Monthly Archives: September 2019

One Warm Day in September: the Climate Strike and its Meaning for Activism

Friday was a beautiful fall day. The air was crisp and the sun was hot as I marched with friends and around 10,000 Nova Scotians who understand that we, as a species, are in deep trouble. Catastrophic climate change, which I have been writing about for years, stands to threaten our species, as well as every other species on earth, with extinction. This is not hyperbole, it is based on the current scientific consensus. But on that day indigenous, people of colour, people of all faiths and none, families, the elderly, working people, LGBTQ. All of us put aside any differences and came together.

The most wonderful moment for me was the prayer song by Miꞌkmaq women. For several moments the massive crowd was silent, simply raising a clenched fist in the air in solidarity and in defiance of the global economic and political order that has brought us to this point. To the edge of the cliff.

Among the speakers was Darlene Gilbert, a Mi’kmaq grandmother who was arrested for protecting the water from the polluter of Alton Gas. She also courageously confronted Justin Trudeau about his abysmal environmental policies, treatment of First Nations in Canada, and support of pipelines and the cancerous, visible from space, lesion on the face of the planet, the Alberta Tar Sands.
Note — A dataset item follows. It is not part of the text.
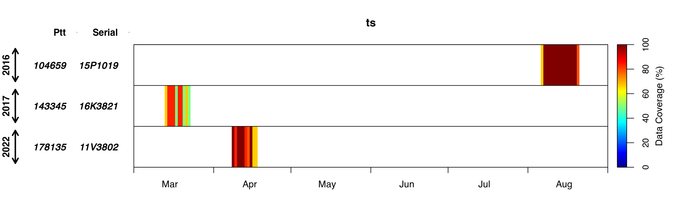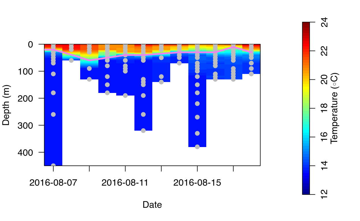 In this third part of the RchivalTag tutorial series, we will learn how to explore PAT-Style depth temperature profiles, a special data product of (pop-up) archival tags from Wildlife Computers to analyze the thermal structure of the water column that requires far less ARGOS transmissions than temperature time series data.

Her daughter also spoke with passion about her cultural and sacred heritage of protecting the earth. Every indigenous person I have ever met understands that climate change is real because it is altering, in terrible ways, the ecosystems they revere and depend on.

But what struck me most was to see and hear thousands of young people. To witness their anger at a system that has robbed them, and the global south, of any meaningful future. Many spoke of the short lives they have been granted thanks to a biosphere under attack for the profit of a few. Some decried militarism and colonialism of the poorest nations on the planet. But all of them were present because they understood, on some level, that this is a collective, existential crisis.

In the past I had moments of skepticism. I still do. Not for these young people. Not for the millions of people who gathered in cities around the world to express their anger, but for the corporate, political and military institutions and financial interests who have been trying to greenwash their crimes since the first Earth Day. The ones who see our climate crisis as an opportunity to save capitalism from itself. The tragic thing about this skepticism, though, is that it can often lead to cynicism. A belief that everyone is either out for themselves, or being duped by those who are only out for themselves. And this misanthropic impulse only encourages inaction and apathy.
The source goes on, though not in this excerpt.